**Description of the task**
In the records below, find the line with "73766917 alte Postkarte" and the line with "De set bevat"; return exactly those lines and every line between them.

*** Entries shown

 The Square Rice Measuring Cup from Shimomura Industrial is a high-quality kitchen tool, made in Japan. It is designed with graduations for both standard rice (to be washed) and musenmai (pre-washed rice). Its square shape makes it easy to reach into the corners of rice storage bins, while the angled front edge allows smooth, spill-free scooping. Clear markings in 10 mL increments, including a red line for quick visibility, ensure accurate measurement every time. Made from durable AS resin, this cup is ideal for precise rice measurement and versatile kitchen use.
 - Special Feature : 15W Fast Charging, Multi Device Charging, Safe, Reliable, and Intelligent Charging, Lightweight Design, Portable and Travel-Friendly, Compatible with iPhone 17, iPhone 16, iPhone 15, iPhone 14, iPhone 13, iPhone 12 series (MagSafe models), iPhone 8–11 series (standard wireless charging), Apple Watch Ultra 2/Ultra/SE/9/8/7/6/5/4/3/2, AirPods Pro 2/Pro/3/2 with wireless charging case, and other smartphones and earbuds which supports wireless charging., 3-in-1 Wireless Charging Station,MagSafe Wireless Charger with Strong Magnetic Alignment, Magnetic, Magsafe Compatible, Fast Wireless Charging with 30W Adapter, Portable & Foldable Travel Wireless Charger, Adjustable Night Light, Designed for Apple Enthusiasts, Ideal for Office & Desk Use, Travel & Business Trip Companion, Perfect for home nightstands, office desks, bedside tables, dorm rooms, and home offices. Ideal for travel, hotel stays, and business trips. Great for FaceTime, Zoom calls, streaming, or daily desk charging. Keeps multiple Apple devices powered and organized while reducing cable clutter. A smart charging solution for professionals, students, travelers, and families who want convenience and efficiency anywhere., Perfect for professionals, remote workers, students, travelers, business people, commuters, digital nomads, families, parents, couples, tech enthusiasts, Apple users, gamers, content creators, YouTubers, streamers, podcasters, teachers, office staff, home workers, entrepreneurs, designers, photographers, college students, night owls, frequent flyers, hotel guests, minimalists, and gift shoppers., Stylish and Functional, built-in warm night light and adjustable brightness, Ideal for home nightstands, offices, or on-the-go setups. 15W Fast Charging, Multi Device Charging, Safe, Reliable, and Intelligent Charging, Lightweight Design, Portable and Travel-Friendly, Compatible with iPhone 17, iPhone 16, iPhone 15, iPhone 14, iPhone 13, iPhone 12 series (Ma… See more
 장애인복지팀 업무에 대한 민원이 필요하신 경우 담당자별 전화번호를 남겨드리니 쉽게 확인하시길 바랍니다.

******
*** Entries shown

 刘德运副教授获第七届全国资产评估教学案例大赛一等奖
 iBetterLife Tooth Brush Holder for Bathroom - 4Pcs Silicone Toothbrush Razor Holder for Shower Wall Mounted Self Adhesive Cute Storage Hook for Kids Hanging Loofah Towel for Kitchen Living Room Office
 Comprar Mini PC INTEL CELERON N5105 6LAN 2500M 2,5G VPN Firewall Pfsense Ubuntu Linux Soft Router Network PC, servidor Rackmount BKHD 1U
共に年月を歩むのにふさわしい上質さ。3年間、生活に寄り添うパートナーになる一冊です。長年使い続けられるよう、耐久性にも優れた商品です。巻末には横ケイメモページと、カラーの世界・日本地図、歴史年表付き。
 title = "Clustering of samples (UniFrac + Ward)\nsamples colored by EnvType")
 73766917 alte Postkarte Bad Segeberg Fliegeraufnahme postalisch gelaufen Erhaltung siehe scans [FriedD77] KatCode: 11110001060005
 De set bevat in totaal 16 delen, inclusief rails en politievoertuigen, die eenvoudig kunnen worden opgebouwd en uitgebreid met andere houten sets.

******
*** Entries shown

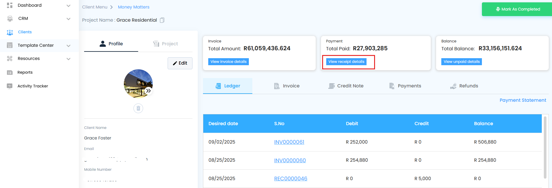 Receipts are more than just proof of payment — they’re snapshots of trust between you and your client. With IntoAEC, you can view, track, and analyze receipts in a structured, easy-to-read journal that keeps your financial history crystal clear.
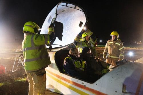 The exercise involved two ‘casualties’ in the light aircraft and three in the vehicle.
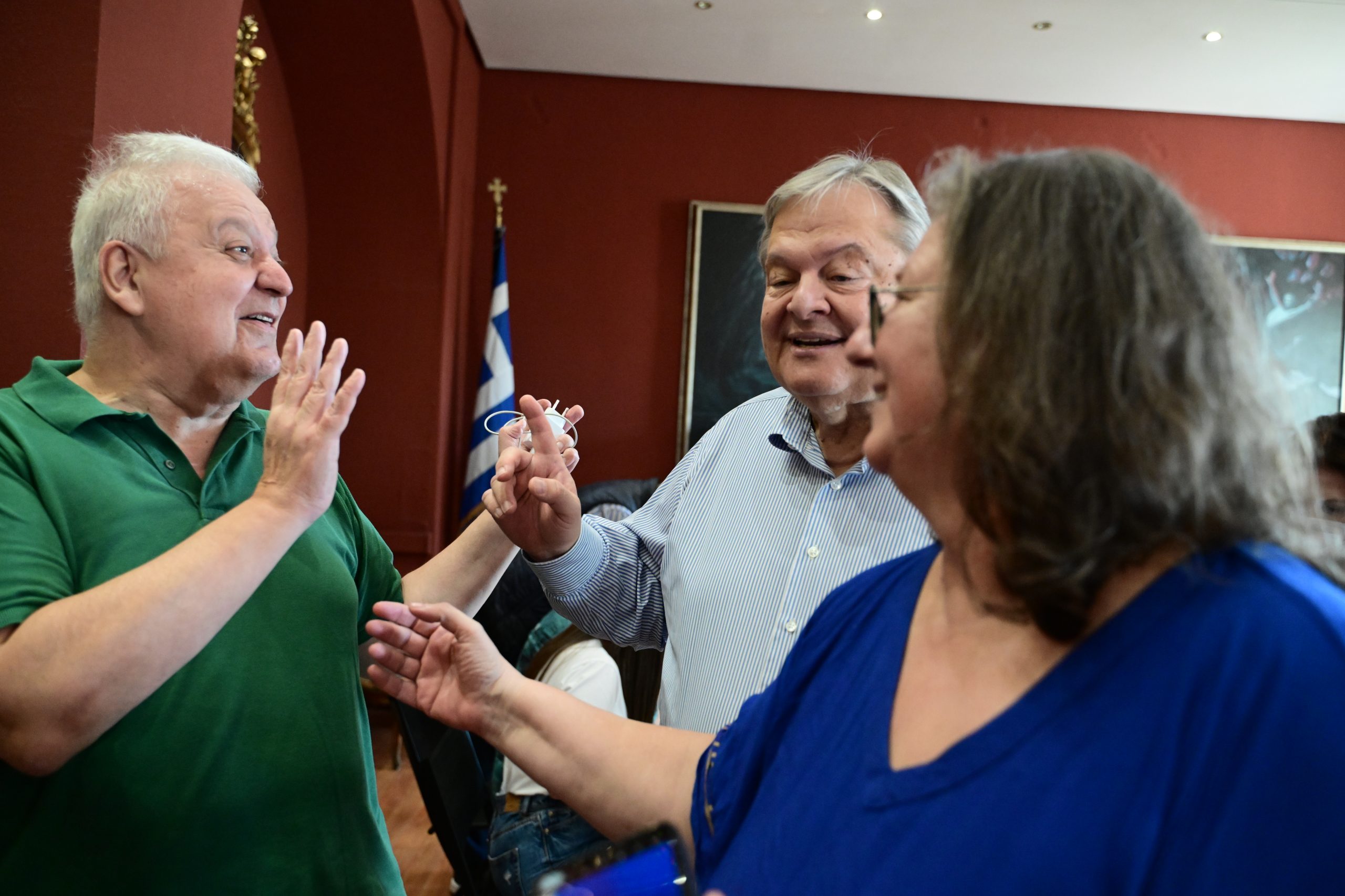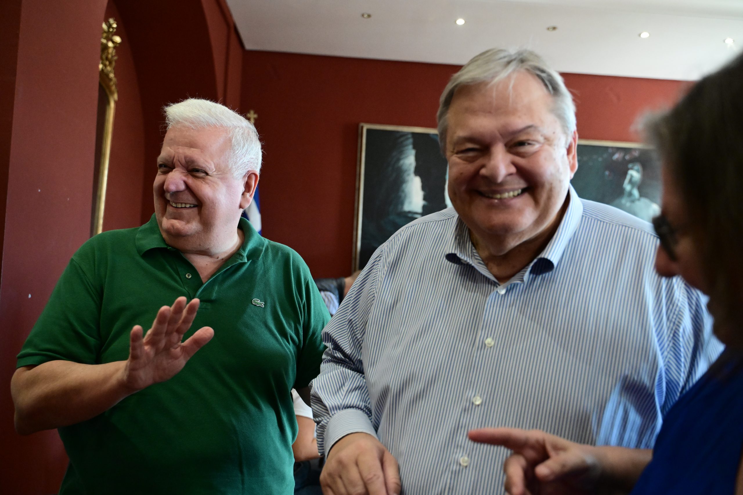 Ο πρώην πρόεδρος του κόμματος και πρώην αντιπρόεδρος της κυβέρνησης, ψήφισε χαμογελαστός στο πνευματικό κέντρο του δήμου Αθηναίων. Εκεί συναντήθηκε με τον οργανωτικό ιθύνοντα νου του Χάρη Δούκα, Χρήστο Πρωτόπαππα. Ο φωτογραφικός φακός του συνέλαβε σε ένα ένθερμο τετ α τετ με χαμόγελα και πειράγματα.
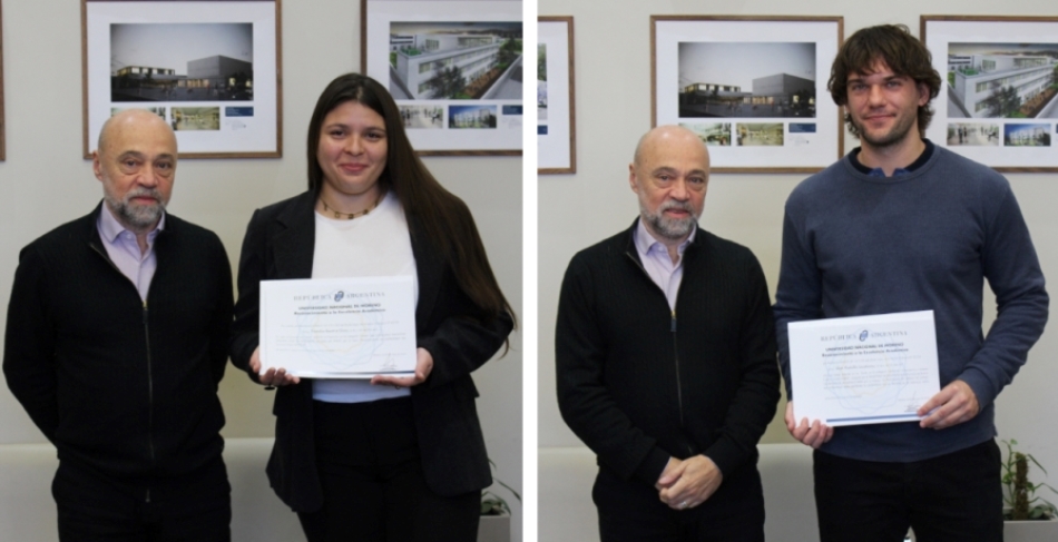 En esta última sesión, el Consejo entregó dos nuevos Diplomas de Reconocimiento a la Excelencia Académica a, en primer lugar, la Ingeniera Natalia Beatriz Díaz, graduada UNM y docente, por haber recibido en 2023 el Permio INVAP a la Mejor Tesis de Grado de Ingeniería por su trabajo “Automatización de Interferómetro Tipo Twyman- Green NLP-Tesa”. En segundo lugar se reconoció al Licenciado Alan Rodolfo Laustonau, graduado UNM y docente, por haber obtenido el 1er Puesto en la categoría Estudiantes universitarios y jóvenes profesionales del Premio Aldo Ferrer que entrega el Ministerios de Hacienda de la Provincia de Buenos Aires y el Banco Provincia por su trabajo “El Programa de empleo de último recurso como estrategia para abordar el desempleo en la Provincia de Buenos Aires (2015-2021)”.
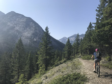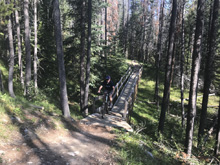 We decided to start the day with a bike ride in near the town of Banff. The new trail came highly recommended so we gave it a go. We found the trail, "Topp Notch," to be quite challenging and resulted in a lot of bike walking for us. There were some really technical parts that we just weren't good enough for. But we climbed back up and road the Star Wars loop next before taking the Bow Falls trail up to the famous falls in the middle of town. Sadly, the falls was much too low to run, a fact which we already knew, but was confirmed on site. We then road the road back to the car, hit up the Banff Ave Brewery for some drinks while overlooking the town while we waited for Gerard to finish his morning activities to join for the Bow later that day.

******

**Result of this task**
 73766917 alte Postkarte Bad Segeberg Fliegeraufnahme postalisch gelaufen Erhaltung siehe scans [FriedD77] KatCode: 11110001060005
 De set bevat in totaal 16 delen, inclusief rails en politievoertuigen, die eenvoudig kunnen worden opgebouwd en uitgebreid met andere houten sets.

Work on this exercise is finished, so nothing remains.